Jamie shrugged slightly and gave me a lopsided smile.
“Well, there’s the hell of a lot of unpleasant ways to die, Sassenach. And if one of them should fall to my lot, I wouldna like it much. But the question is: Am I scairt enough of the possibility that I would stop what I’m doing to avoid it?” He sat down on the chaise beside me, and took one of my hands between his own. His palms were warm, and the solid bulk of him next to me was reassuring.
“I thought that over for some time, Sassenach, in those weeks at the Abbey while I healed. And again, when we came to Paris. And again, when I met Charles Stuart.” He shook his head, bent over our linked hands.
“Aye, I can see myself standing on a scaffold. I saw the gallows at Wentworth—did I tell ye that?”
“No. No, you didn’t.”
He nodded, eyes gone blank in remembrance.
“They marched us down to the courtyard; those of us in the condemned cell. And made us stand in rows on the stones, to watch an execution. They hanged six men that day, men I knew. I watched each man mount the steps—twelve steps, there were—and stand, hands bound behind his back, looking down at the yard as they put the rope around his neck.
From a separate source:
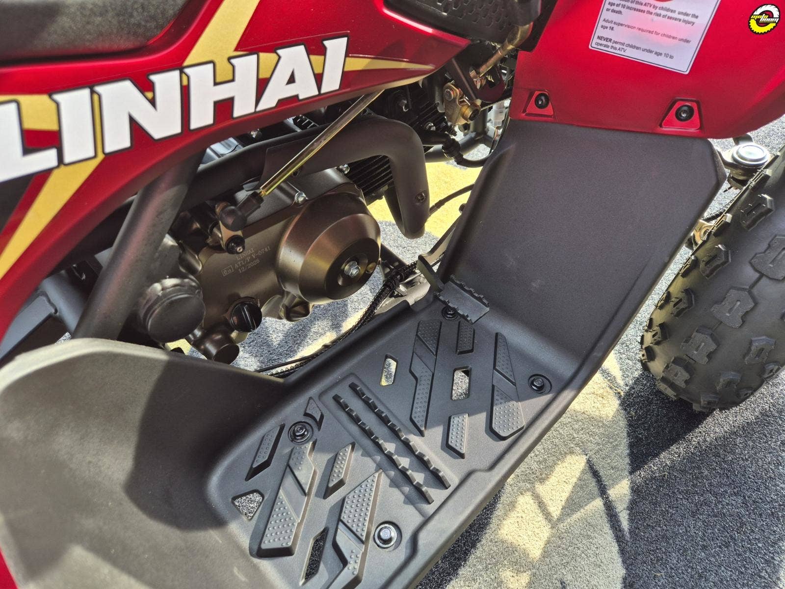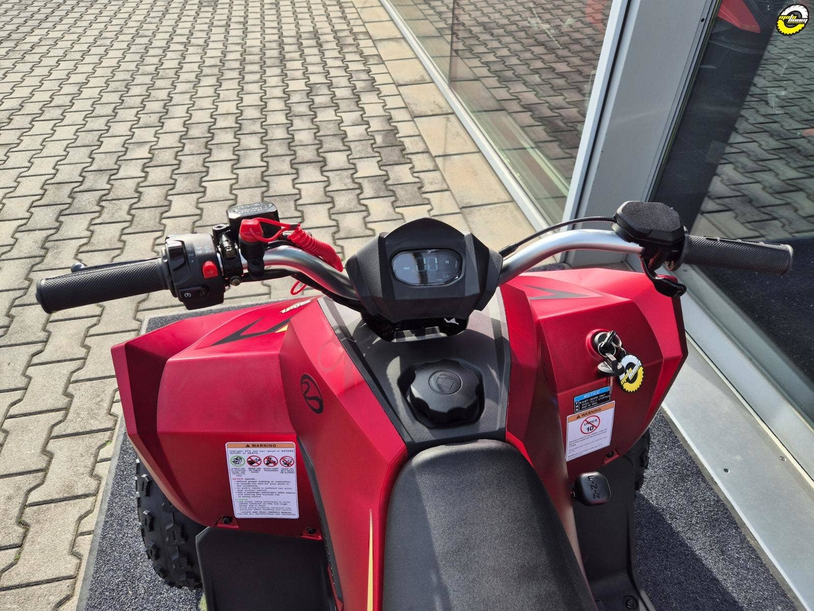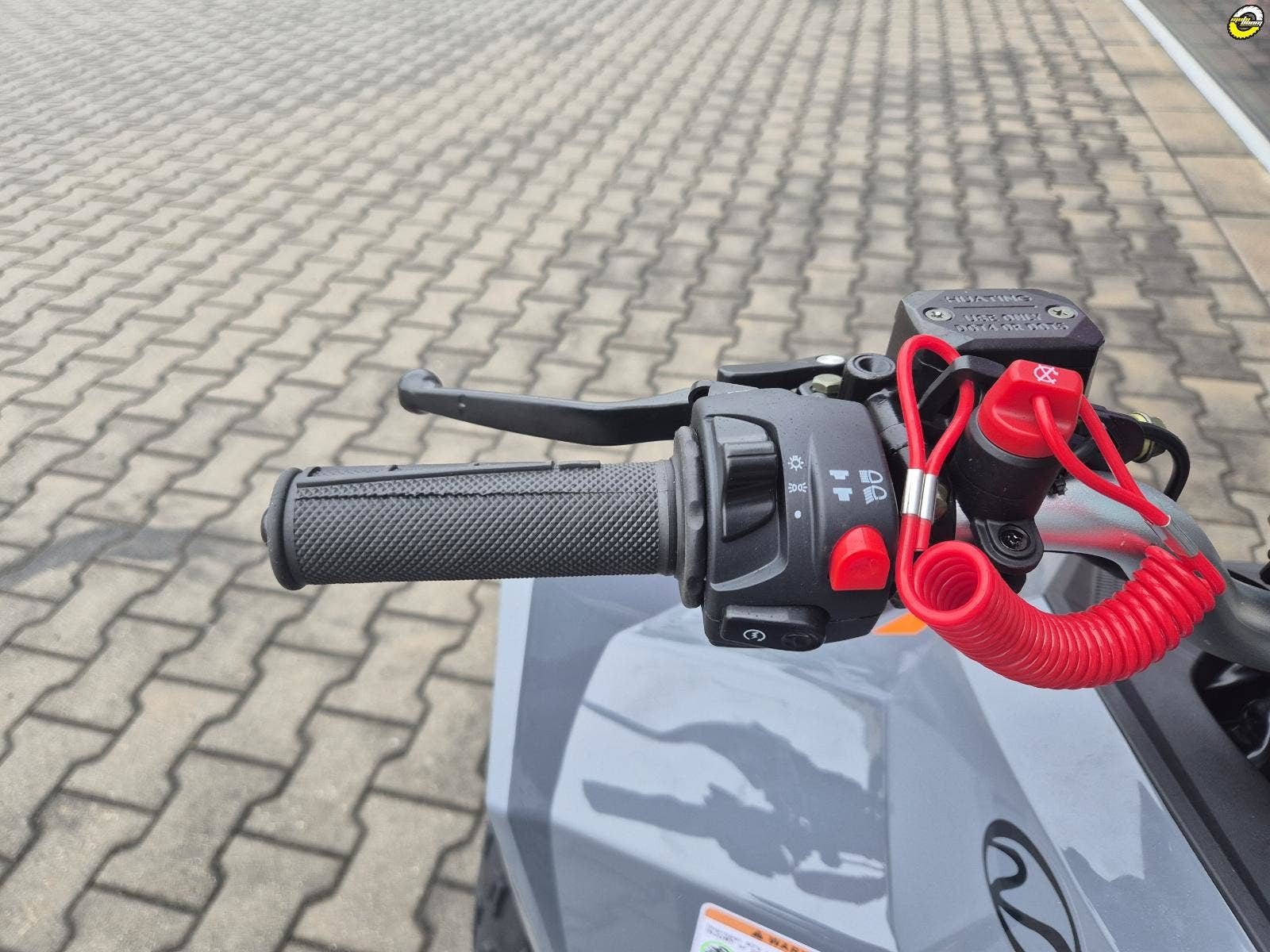 Čtyřkolka je vybavena magnetickým systémem, který okamžitě vypne motor, pokud jezdec opustí své místo. Díky tomu je riziko úrazu při pádu minimalizováno.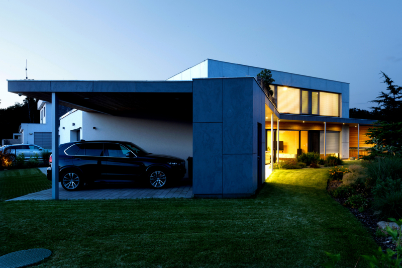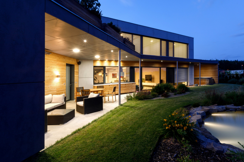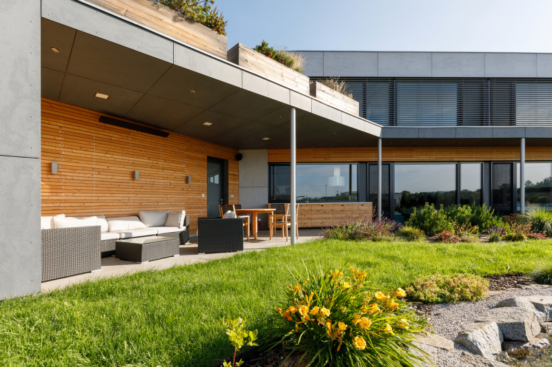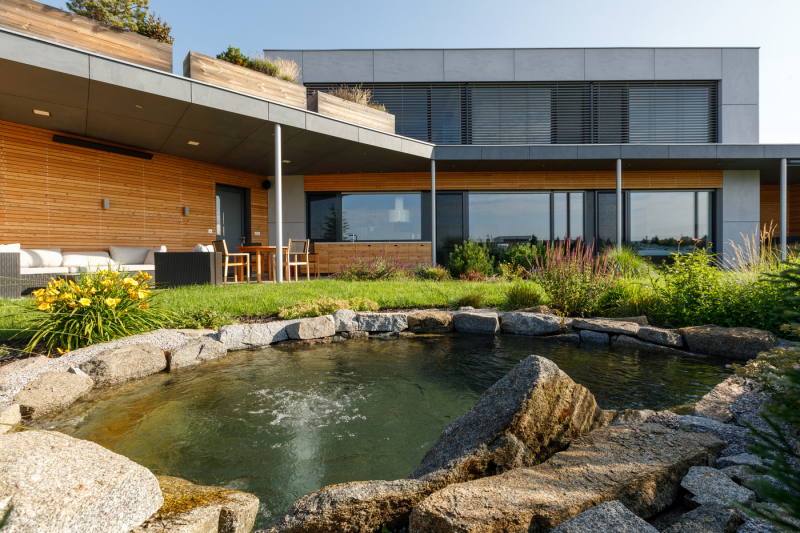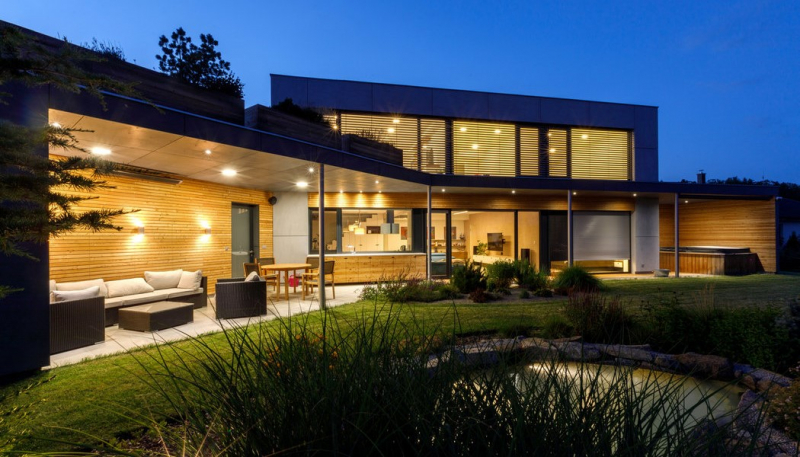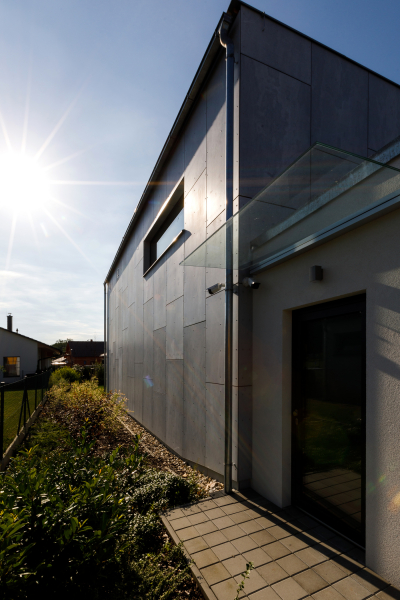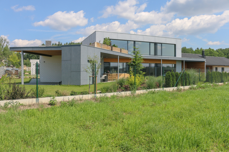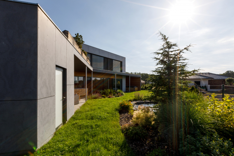 Z jižních oken a zahrady jsou pěkné výhledy na pohoří Blanského lesa. „Z pracovny v patře vidím až na Kleť,“ pochvaluje si investor. Na horním podlaží jsou ještě dva pokoje připravené pro děti s koupelnou a šatnou, odevšad je přístup na střešní terasu. Nedávno narozený první syn však zatím pobývá v ložnici rodičů v přízemí.

And I wondered then, how I would manage come my turn to mount those steps. Would I weep and pray, like John Sutter, or could I stand straight like Willie MacLeod, and smile at a friend in the yard below?”
He shook his head suddenly, like a dog flinging off drops of water, and smiled at me a little grimly. “Anyway, Monsieur Forez didna tell me anything I hadna thought of before. But it’s too late, mo duinne.” He laid a hand over mine. “Aye, I’m afraid. But if I would not turn back for the chance of home and freedom, I shallna do it for fear. No, mo duinne. It’s too late.”